We all know that in-branch banking is expensive to provide, so retail banks are using new technology to drive down costs, diversify service provision and differentiate their offering. Video banking, most commonly provided via a video screen and camera in an ATM, enables customers to speak to bank staff in a central location while using a self-service kiosk or an ATM.
Video ATMs can provide services at lower cost, extend opening hours and downsize branch networks: a very attractive package at a time when there is still severe pressure on costs for retail banks. But other countries are far more advanced than the UK in their use of video services.
Conestoga Bank, a US retail operation, recently announced plans to install two more video ATMs at one of its branches. The video ATMs, know as personal teller machines (PTMs) are made by technology company uGenius, which was absorbed by NCR in January 2013. Conestoga Bank claims that transaction times are typically 33% faster than with an in-store bank teller and PTMs have allowed the bank to extend opening hours and carry out more transactions on weekends, with the machines available from 10:00 until 16:00 on Saturdays and Sundays.
NCR has demonstrated significant leadership in the future of video banking by acquiring uGenius, whose PTMs connect bank customers to a live, remote teller via video and audio. Conestoga Bank says that these remote tellers can complete more than 95% of typical branch transactions at lower cost of delivery.
Innovation in the UK has mainly focused on audio, rather than video services. For example, the Co-operative bank has just introduced talking ATMs that will help to serve blind and partially sighted customers. Over 400 “speaking” ATMs went live in May this year and the bank aims to deploy over 2,000 by the end of 2014. NatWest has also committed to making 80% of its 4,800 cash machines speech-enabled over the next couple of years.
Video has been successful elsewhere and the figures behind the business case seem compelling. So why is the UK lagging behind other countries? In larger countries with a less well developed branch network and more rural populations, remote video terminals can offer services in areas the branch network cannot reach. Undoubtedly there is also an R&D and capital cost, which in these straightened times is not always a popular proposition.
Research from Intellect has shown that 80% of bank IT budgets are spent on maintaining legacy systems, leaving only 20% for new projects to change how the bank operates or delivers services. But 80% of this 20% is spent on compliance-based projects, leaving only 4% of the total IT budget available for non-regulatory projects, such as video banking.

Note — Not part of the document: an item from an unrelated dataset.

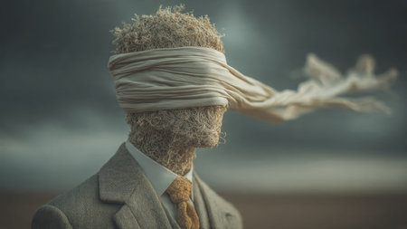 A person stands with a band of fabric over their eyes emphasizing themes of concealment and introspection in low light.
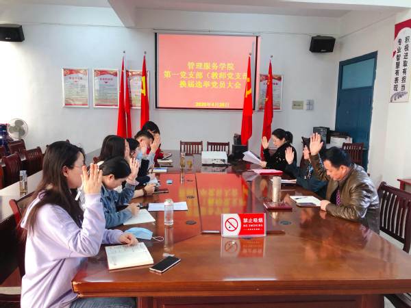 为进一步加强党的基层组织建设,根据《中国共产党章程》和《中国共产党基层组织选举工作暂行条例》的有关规定,4月28日下午,管理服务学院第一党支部(教师党支部)和第二党支部(学生党支部)分别在学院会议室和214教室举行了党支部换届选举大会。

The typical technology maturity model dictates that solutions are likely to become cheaper and clear best practice implementation models will emerge as time goes on, also reducing risk. The long term cost savings are clear: a branch equipped with video ATMs can be set up for approximately half the cost of a traditional outlet, due to lower staff numbers and smaller footprint made possible by offering diverse services over video links.
Or perhaps the UK will skip video ATMs altogether and head straight to the logical next step: video banking in the home. Consumers can speak to their bank via a mobile device - laptop, tablet, smartphone - wherever they are. This is already a reality for customers of Russian Standard Bank and the Bank of Moscow, for example.
In time, the benefits of deploying video services technology have become more transparent and a future in which video services will handle routine and complex transactions at lower cost now seems much more likely. The ability to deliver a broad range of high-value financial services in branch using video is likely to boost the bottom line through better sales per transaction ratios, as well as by reducing costs. Video could be just the answer to retail banks’ post-recession challenges. Watch this space.